Start with getting a clear view of your credit score. How much is it? If you’re a complete beginner and have no idea what a credit score, then learn about it in as much detail as possible. In the simplest words, a credit score represents your “creditworthyness.” Though creditworthyness is not a word, I’m using it to explain things to you quickly.

FICO (Fair Isaac Corporation) created this so-called scorecard called Credit Score that immediately represents an individual’s or a business’s credit ability. So, if you’re in the US, credit score range between 300-850. While 850 is nearly impossible to achieve, if you have a credit score about 700, then you’re going good. A score below 500 is generally a bad sign...

What is your credit score? As of writing this my credit score is 726, which is good enough… A good credit score brings good perks like higher credit limit on credit card, easy loan processing, and also, in some situations, you can demand a higher interest rate on your savings deposits…

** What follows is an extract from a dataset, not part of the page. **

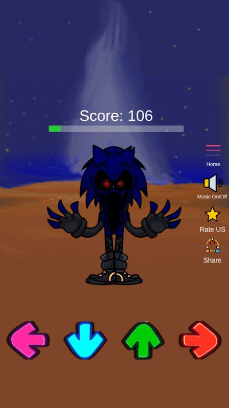 Co robić w FNF Sonik.ExeEndah Mod Test? wszystko jest proste! Musisz zdobyć jak najwięcej punktów. Przed rozpoczęciem gry wybierz stan bohatera oraz muzykę, a następnie kliknij odtwarzaj. Po uruchomieniu gry klikaj strzałki na ekranie swojego urządzenia i zdobywaj punkty. Jeśli zdobyłeś 1500 punktów, to dobry wynik gry. Jeśli uda Ci się zdobyć więcej niż 2000 punktów, jesteś świetny w teście FNF Sonik.ExeEndah.

(2) Reduce Credit Card Expense Limit

If you have discovered that your credit limit has gone down below 600, it’s a red signal… It’s time to wake up and bring everything under control. Among everything, if you’re an avid credit card user, then you should immediately decrease credit spending limit. Set it to 30% of your credit limit.

So, if your credit card has a total credit limit of $10,000, lock the expense limit to $3,000. Yeah, this might feel too low, but if you want to improve your credit score, a good handling of credit card is absolutely necessary.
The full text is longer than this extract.